Badische Sportjugend

Sonne und mehr in Kroatien

Archivartikel

Main-Tauber-Kreis.Die Sportjugend im Main-Tauber-Kreis führte zum 13. Mal eine Sommerfreizeit in Kroatien durch. Ziel war wiederum die kulturträchtige Küstenstadt Pula, die an der Südspitze Istriens zu finden ist. Berühmt ist die touristische Hafenstadt für ihren antiken Stadtkern und das gut erhaltene Amphitheater.

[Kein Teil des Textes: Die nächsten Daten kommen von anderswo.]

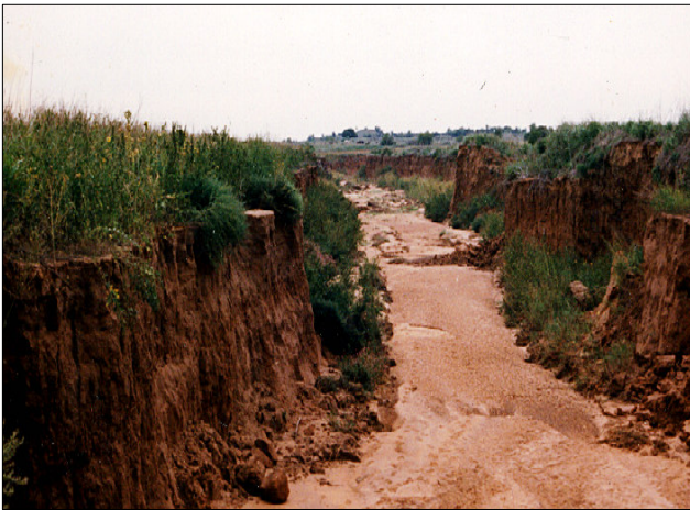
Figure 1. Large gully near Grandfield in Tillman County. Photo taken in 1990 before installation of the main drop-structure. The arms of this gully below the channel drop-structures range from 15 to 30 feet in depth and 50 to more than 300 feet in width.

Large gully systems typically begin with the development of a headcut in a shallow drainage on deep, silty or sandy soils as a result of drainage system changes. In such conditions, gullies may develop very rapidly. The Tillman County (Figure 1) and McClain County (Stinson Creek) (Figure 2) gully systems, discussed in this Forestry Note, were caused in each case by a deep headcut advancing up the channel through a distance of almost two miles within a period of 20 years. In both cases, the resulting erosion increased the channel cross-section ten-fold or more through their full length.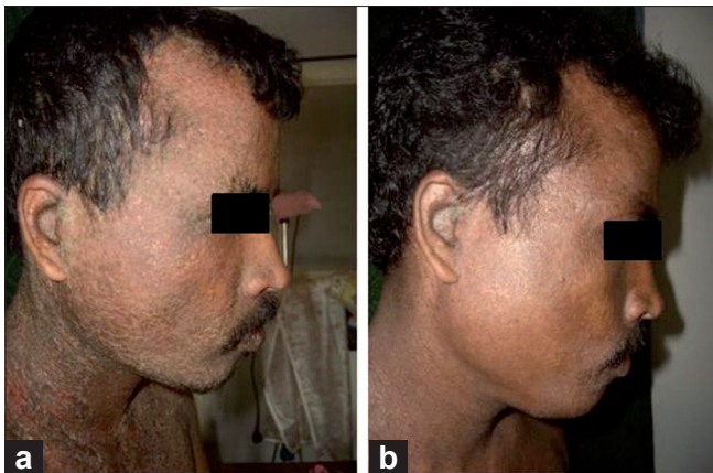
Figure 1: (a) Scaly papules on the face before treatment, (b) After treatment

The patient was started on low-dose isotretinoin (20 mg/day) along with a tapering dose of oral corticosteroids and topical bland emollients. There was dramatic response within 2 weeks, with >50% improvement in the condition of our patient [Figure 1b, 2b]. We had started the patient's elder brother [Figure 4] on high-dose isotretinoin (40 mg/day) at the time of presentation and once his lesions were under control this was reduced to low-dose isotretinoin.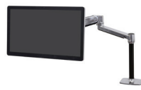
LX Sit-Stand Desk Mount LCD Arm

Mahlzeiten selbst zubereitet

Zum ersten Mal kam die Jugendgruppe nicht bei strahlendem Sonnenschein, sondern bei strömenden Regen an. Kurzerhand wurde Handlungsfähigkeit bewiesen und alle packten beim Ausladen und Einräumen im Team mit an, wodurch das schlechte Wetter überhaupt kein Hindernis darstellte.

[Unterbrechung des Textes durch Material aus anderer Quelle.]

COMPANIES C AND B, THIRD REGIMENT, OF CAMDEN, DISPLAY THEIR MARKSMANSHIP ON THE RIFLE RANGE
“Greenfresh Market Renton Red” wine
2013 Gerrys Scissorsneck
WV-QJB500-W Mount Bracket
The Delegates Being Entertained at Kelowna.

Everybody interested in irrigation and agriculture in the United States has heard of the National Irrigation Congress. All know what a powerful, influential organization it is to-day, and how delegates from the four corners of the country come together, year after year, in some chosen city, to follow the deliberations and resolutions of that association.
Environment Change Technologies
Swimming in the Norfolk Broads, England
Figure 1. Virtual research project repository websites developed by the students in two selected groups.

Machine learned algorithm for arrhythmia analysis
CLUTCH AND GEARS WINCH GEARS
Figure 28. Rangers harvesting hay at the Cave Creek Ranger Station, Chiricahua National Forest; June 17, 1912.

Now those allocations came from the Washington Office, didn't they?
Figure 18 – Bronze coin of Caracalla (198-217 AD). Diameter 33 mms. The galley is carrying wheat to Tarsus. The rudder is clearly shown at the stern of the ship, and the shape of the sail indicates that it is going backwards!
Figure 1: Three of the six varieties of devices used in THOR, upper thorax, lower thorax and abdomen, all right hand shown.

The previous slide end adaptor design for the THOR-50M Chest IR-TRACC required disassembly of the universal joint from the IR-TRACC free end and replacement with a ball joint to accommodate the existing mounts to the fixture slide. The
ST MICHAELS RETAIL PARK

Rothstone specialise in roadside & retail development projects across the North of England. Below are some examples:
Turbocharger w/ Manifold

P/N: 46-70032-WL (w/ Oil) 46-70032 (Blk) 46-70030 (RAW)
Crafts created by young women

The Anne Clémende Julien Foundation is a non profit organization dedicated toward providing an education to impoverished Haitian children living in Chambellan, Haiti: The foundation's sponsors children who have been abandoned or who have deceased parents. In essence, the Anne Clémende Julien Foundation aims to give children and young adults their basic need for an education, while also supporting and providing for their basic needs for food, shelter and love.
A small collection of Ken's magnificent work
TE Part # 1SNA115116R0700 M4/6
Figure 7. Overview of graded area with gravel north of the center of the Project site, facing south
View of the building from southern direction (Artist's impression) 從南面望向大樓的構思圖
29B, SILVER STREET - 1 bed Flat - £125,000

Die Gruppe ließ sich nicht unterkriegen und ging nach Aufbau des Camps gemeinsam im warmen kristallklaren Wasser baden. Alle Jugendlichen waren von dem strahlend blauen Meer, das direkt vor der Unterkunft lag, und den angenehmen Wassertemperaturen sehr angetan.

Eine Besonderheit war in diesem Jahr, dass die Jugendgruppe erstmals im Camp Stoja untergebracht war. So wurden sämtliche Mahlzeiten mit Hilfe aller Teilnehmer selbst zubereitet, um sie im Anschluss gemeinsam zu verspeisen. Gemeinsam wurde Frühstück zubereitet sowie gekocht und im Anschluss wieder abgewaschen und aufgeräumt. Ziel war es gruppendynamisch und verantwortungsbewusst verschiedene Aufgaben zu bewältigen.

Abstecher nach Venedig

Tagesausflüge, die natürlich immer mit einer Badetour verbunden waren, führten in das Naturschutzgebiet Premantura und in die malerische Küstenstadt Rovinj. Ein Highlight war natürlich auch der Tagesausflug mit einer Fähre in die Lagunenstadt Venedig. Der taubenüberfüllte Markusplatz, die schwarzen Gondeln und die malerische Rialtobrücke werden so manchem Teilnehmer noch lange in Erinnerung bleiben.

Aber auch das gemeinsame Basteln von Lagerbüchern und Postkarten sowie die gemeinsamen Abende am Strand mit den Betreuern schweißte die Jugendgruppe zusammen und brachte viel Spaß bei allen Teilnehmern.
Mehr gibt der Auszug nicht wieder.